▸ **Your objective**
With pictures left out, retype the lines from the start of the records through the one that contains "梅江区妇女就业创业专场沙龙活".

------

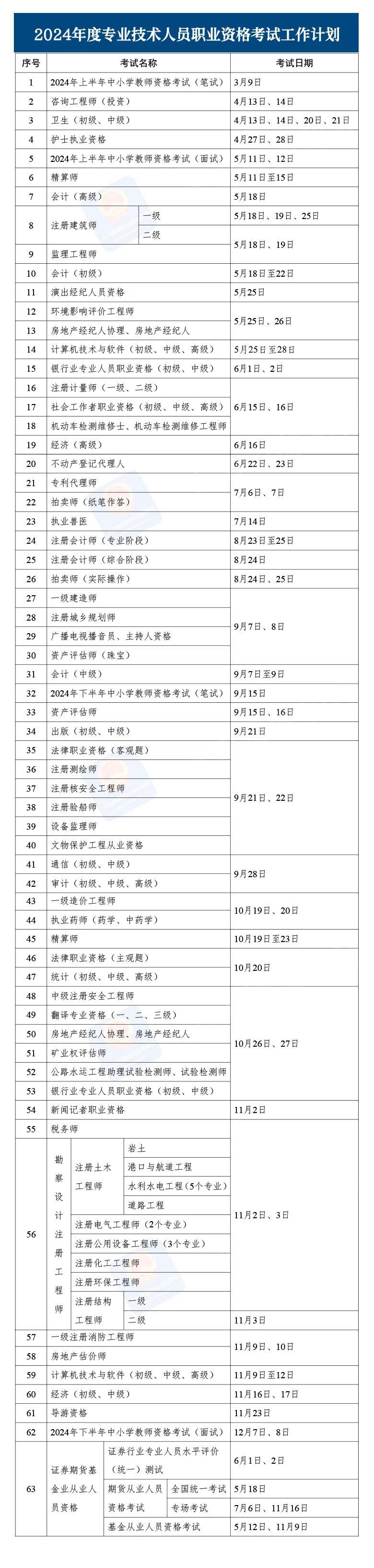 近日,人力資源社會(huì)保障部辦公廳印發(fā)《關(guān)于2024年度專業(yè)技術(shù)人員職業(yè)資格考試工作計(jì)劃及有關(guān)事項(xiàng)的通知》。大家關(guān)心的考試時(shí)間表定了!快收藏好!證券期貨基金業(yè)從業(yè)人員資格各次考試地點(diǎn)不同,精算師兩次考試科目不同,具體安排以相關(guān)行業(yè)協(xié)會(huì)考試公告為準(zhǔn)。如遇特殊情況需要變更考試日期的,將提前另行通知。
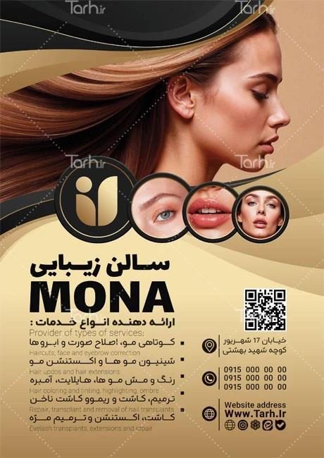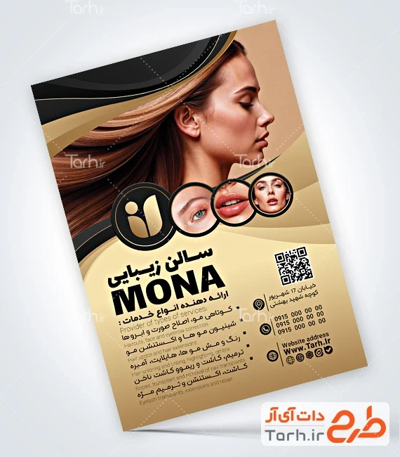 طرح psd تراکت آرایشگاه زنانه با رنگ بندی طلایی مشکی کد فایل 1906845
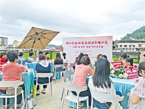 梅江区妇女就业创业专场沙龙活动在阁公岭村“美丽庭院”示范户中举行。(受访者供图)
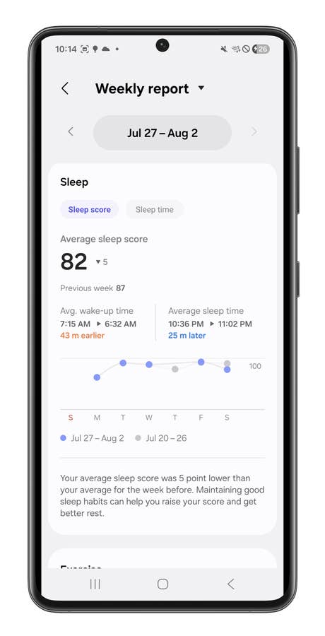 When I wore the Watch 8 Classic to sleep, it automatically created my baseline. The few times I deviated from it were mostly on days I was more active and my body was under more stress. To be honest, I found heart rate variability, resting heart rate, and respiratory rate—data I get from devices like the Whoop MG, Oura Ring 4, and Amazfit Active 2—more useful to understanding that.
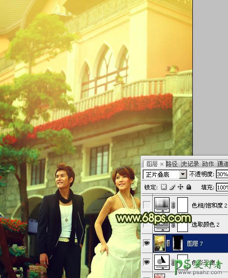 13、新建一个图层,盖印图层。混合模式改为“正片叠底”,不透明度改为:30%,按住Alt 键添加图层蒙版,用白色画笔把边缘部分擦出来,简单给图片加上暗角,效果如下图。
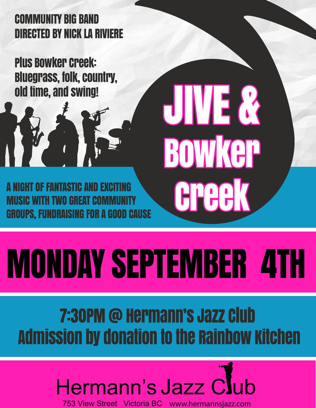 Trombonist Nick La Riviere’s community big band, JIVE (the Jazz In Victoria Ensemble) performs a mix of swing dance classics, traditional big band hits, and even a little disco. The 18 piece band features the sultry vocals of Bob Nelson, and is guaranteed solid entertainment. Opening for Jive is Bowker Creek. This bluegrass band features Bonnie Jean Duncan on guitar & vocals, Duncan Sutherland on guitar & vocals, John Cornes on bass & vocals, Danny Ready on mandolin & guitars, and Doug VanDine on Banjo. The band has played together since 2009 and been a hit at various music festivals - and even opened for Fred Penner. Admission is by donation to The Rainbow Kitchen, so come on out for some good tunes and support a good cause!
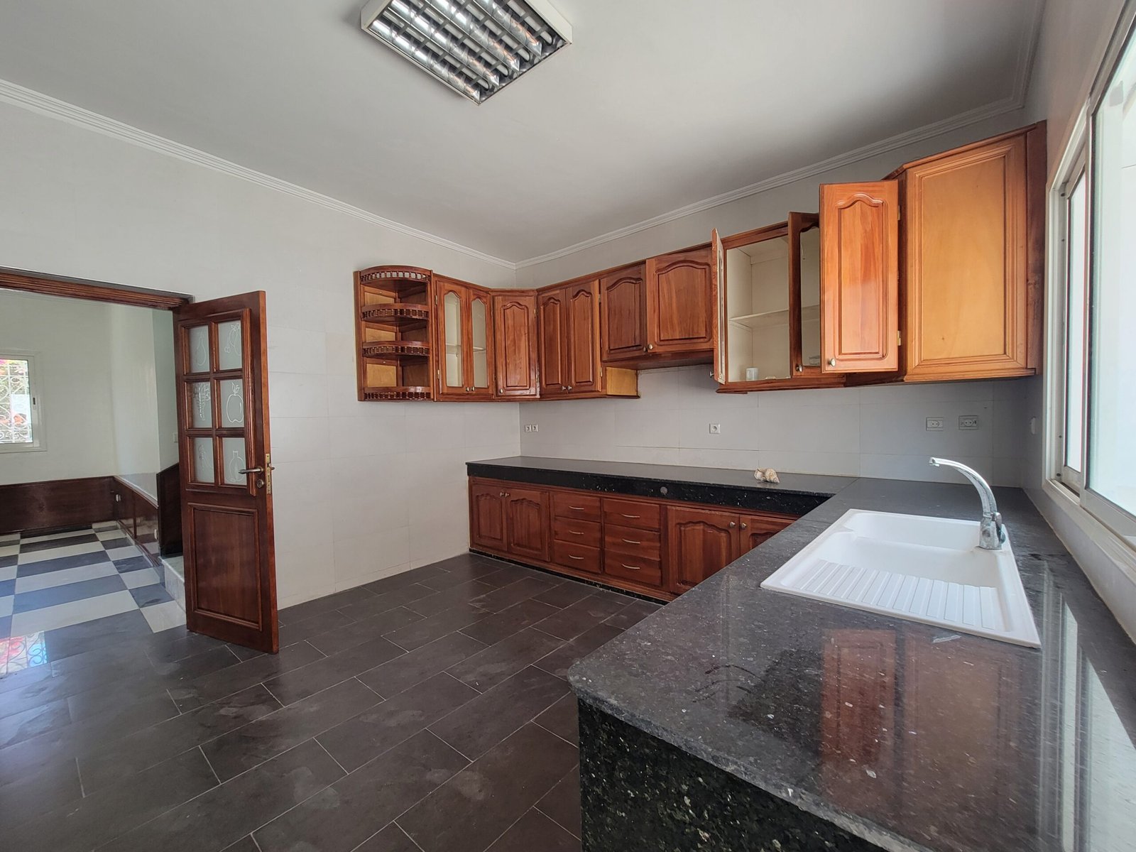 Au sous-sol, un garage couvert pouvant accueillir deux véhicules donne directement accès à une vaste cuisine moderne baignée de lumière naturelle grâce à des puits de lumière. Ce niveau comprend également deux chambres, un salon, ainsi que deux salles de bain, parfaits pour accueillir du personnel ou offrir un espace indépendant.
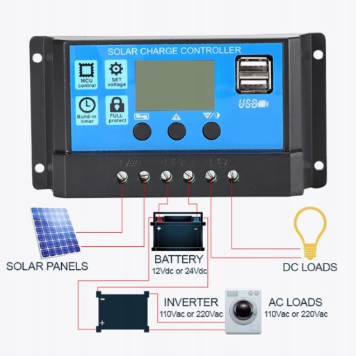 . REGULATOR ŁADOWANIA 12V 24V KONTROLER SOLARNY 30A LCD 2xUSB PWM

------

▸ **Worked solution**
 近日,人力資源社會(huì)保障部辦公廳印發(fā)《關(guān)于2024年度專業(yè)技術(shù)人員職業(yè)資格考試工作計(jì)劃及有關(guān)事項(xiàng)的通知》。大家關(guān)心的考試時(shí)間表定了!快收藏好!證券期貨基金業(yè)從業(yè)人員資格各次考試地點(diǎn)不同,精算師兩次考試科目不同,具體安排以相關(guān)行業(yè)協(xié)會(huì)考試公告為準(zhǔn)。如遇特殊情況需要變更考試日期的,將提前另行通知。
 طرح psd تراکت آرایشگاه زنانه با رنگ بندی طلایی مشکی کد فایل 1906845
 梅江区妇女就业创业专场沙龙活动在阁公岭村“美丽庭院”示范户中举行。(受访者供图)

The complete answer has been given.